For the new development plans, I think we'll have to start in the same
way, without the terminal capabilities and then add these features once
job distribution, scheduling, and hopefully some management tools for
users (ie, ability to list, delete, or delay jobs) to control the system
are functional.

> 
> 2) The more important issue, I think, is that the protocol, as currently
> implemented, is subject to race conditions.  I can deadlock in less
> than 3 seconds with nothing more complicated than the `date' command.
> This requires a complete overhaul, which is where I got caught up.

I have observed the dead lock problem in the queue-stable branch and
traced its sources to a couple different race conditions. Some of these
can be worked around by inserting delays but guaranteeing correctness is
complex. I agree here that complete overhaul of job distribution is the
preferred approach.

> 
> 3) Starting with the minor issues, or would be nices, would be a migration
> from SF to Savannah.  At one time, when I thought I was going to give
> energy to Queue, I was going to do this migration, then they had the
> security issue in 2003.

I too would like to move away from sourceforge. I need to check out
Savannah though. My main complaint with sourceforge is its too busy and
complicated, and way too much irrelevant stuff on any webpage except for
the "home" pages for the project. There are 4 or 5 different ways to
post something, which seems unnecessary and confusing. For us as
developers, its difficult to kept track of all the different places a
user might post a bug, patch, or comment.

> 
> 4) Slowly rewrite all of GQ to enable a definitive set of authorship,
> to enable safely transferring the code to FSF ownership.  (This was why
> I didn't want to just pull terminal code from expect, or even screen,
> as neither of those are FSF owned either.)

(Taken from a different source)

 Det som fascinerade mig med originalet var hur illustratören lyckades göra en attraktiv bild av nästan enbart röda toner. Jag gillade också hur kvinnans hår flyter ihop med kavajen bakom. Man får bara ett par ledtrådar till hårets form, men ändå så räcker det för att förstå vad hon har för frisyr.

I'm not sure how I feel about FSF ownership of copyright. I'm not
opposed to it, but I not particularly in favor either because I not sure
what it gains for GNU queue, and it may restrict what I might want to do
in the future with my own code. I asked RMS about some details, he
simply indicated that it is not required for FSF to have ownership for
GNU queue. I guess we can think about it more when we have a new code
base out and distributed under GPL with a known author list. 

> 
> 5) I'd had some grand ideas about rewriting both the config files and
> communication protocols using some sort of XML structure.  I'm less
> convinced of that now.  But the current set of configuration items are
> too system specific, and every time I see a double go across the wire,
> I wince.  I really think that there should be more emphasis on heterogenous
> environments, including configurations shared by multiple architectures.

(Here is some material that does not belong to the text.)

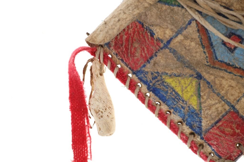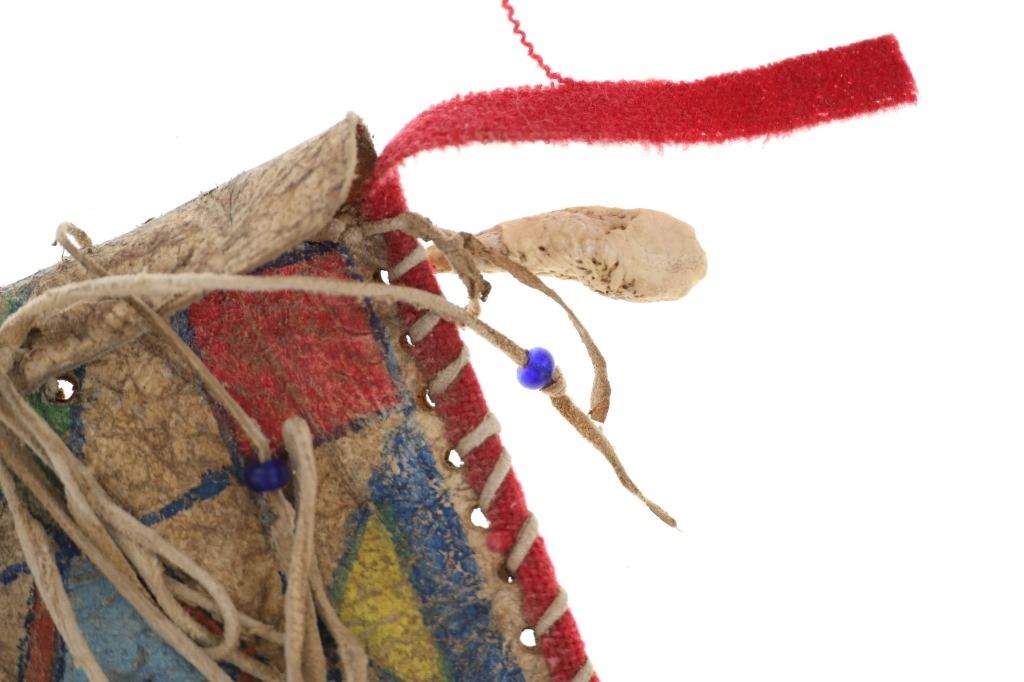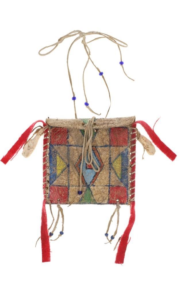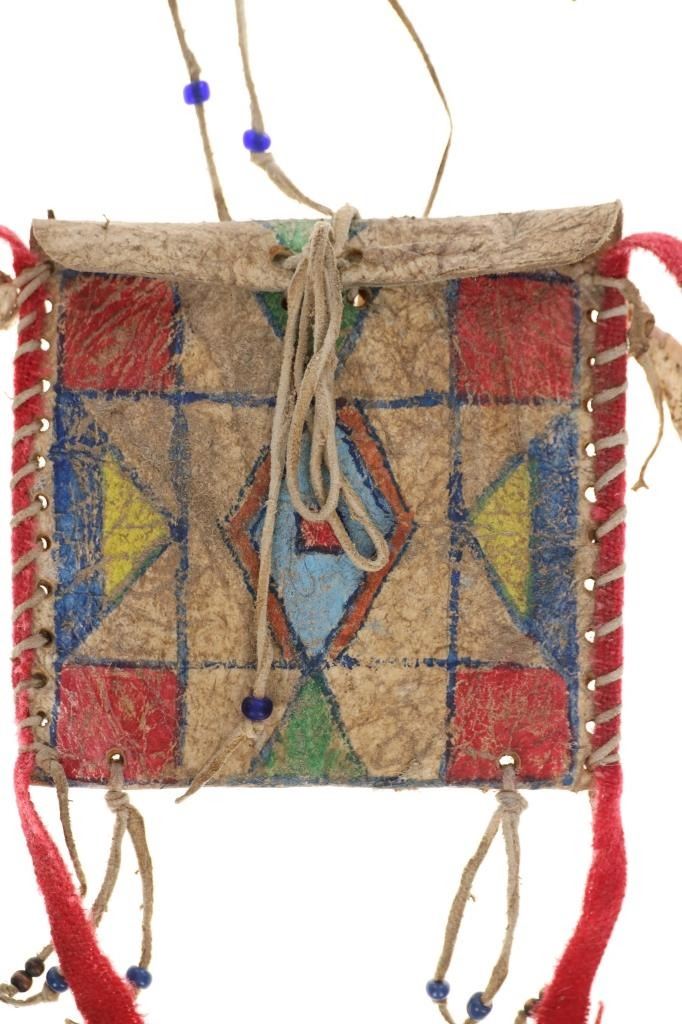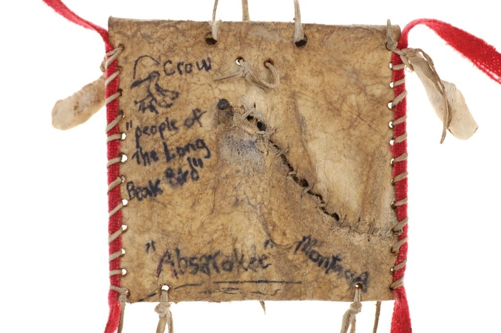 The lot features a polychrome painted parfleche envelope from the Crow Apsáalooke of Absarokee, Montana from the 20th-century. The Apsaalooke bag is accompanied by several collection tags which read as such, “Crow Ca. 1880’s Buffalo Rawhide with all clay / hide glue paint – Age / hide spun paintna”, “Burned holes. Brain tan deer hide thongs. London square weave 100% wool trim.”, “The Crow Call Themselves – ‘The People of the Long Beak Bird’ Montana Home”, “A Crow is long beak the word ‘Absaroke’ is crow in Crow. Also a Mt. Range, a town, a river.”, “Contents – fall / August Montana Silver sage – to Seed – plant?”, “Bull Buffalo Beard Hair – a Montana Herd.”, and "Two very old -vv- worn Buff Bull Teeth from at least an 25-30 year old" on one side and "Beads - Glass Blue Italy 1890-1900 copper-France 1890 / Age patina & sizing". The back exhibits thick buffalo / bison hide parfleche rawhide with Indian hide sewing and covered in classic geometric polychrome painting in blue, yellow, red, orange, green and light blue. The bag has strips of old red stroud trade clothe on the sides, two worn old Buffalo / Bison bull teeth as well as various old trade beds on the Indian hide fringes. The back is signed / painted on, "Crow 'the people of The Long Beak Bird' / 'Absarokee' Montana" with a painting of a Crow bird. The back has a seem sewn with sinew. Measures with fringes and strap 15.5-inches long, bag itself without fringes, clothe, and strap is 6-inches by 5.5-inches.

For the new stuff I've already defined config formats as a CFG with a
flex/bison parser, likewise for transfer of job information to execution
agents. I don't know XML and am loath to learn it (shame on me) as the
syntax of the crap is just so damn ugly. See below about heterogeneous
environments.

> 
> 6) I'd also thought it's be cool to have some sort of library suitable for
> use with linking into GNU Make for remote processing when using `make -j'.
> I now think this can be accomplished by using SH=/some/wrapper/if/not/qsh
> instead.  I may be wrong though.

distcc covers this territory. As for queue, if the cluster is already
busy at all nodes, compilation would end up submitting jobs that wait in
the queue. I'm not sure if we want to deal with complexity of "if
resources available immediately, distribute job, else run locally", but
it would be a cool feature.

> 
> In looking over Mark's proposals, some of this may be addressed soon already,
> particularly the protocol race-condition issue.  At one point the question
> was raised on whether or not any code from Queue could be reused or not
> to implement some of his ideas.  My gut reaction is probably not.  Ideas,
> sure.  But probably not any code.  Not to implement what he had in mind.
> A re-write from scratch would probably be easier than trying to retrofit
> some those ideas on top of the current code base.  Well, reusing some of
> the autotools stuff should work.
> 
> I would like to emphasize heterogeneity again.  Once thing that I read in
> Mark's proposal was a seeming focus on Linux-kernel based systems.  Or at
> least homogenous environments.  I strongly feel this is a big mistake.
> All the world is not a VAX.  Let's not continue to relearn this lesson.
> 

By homogeneous systems I mean a dedicated collection of systems with the
same architecture and operating system. I think this is the most common
setup that potential users of queue will have, based on my own
experience and what I see others around here doing. I would like queue
to run on any such environment, not specifically linux/x86 setups. The
lab down the hall has a homogeneous 100 node G5 cluster with Mac OS X,
for instance. They use Sun GRID. Cornell theory center has several
windows based clusters, they use their own queuing system. I'm not sure
how many new purchases of solaris clusters or other unix systems there
will be given that linux is highly competitive price/performance wise
for anyone considering making the investment and wants a unix
environment. Anyone buying Sun would probably use Sun GRID I suppose.
Anyway, I would like queue to be a viable option no matter what the
hardware or operating system is.

That said, I only have access really to Linux/x86 based clusters here,
so I can only develop/test/deploy with that. I hope that volunteers from
the community will help test/adapt to other environments. 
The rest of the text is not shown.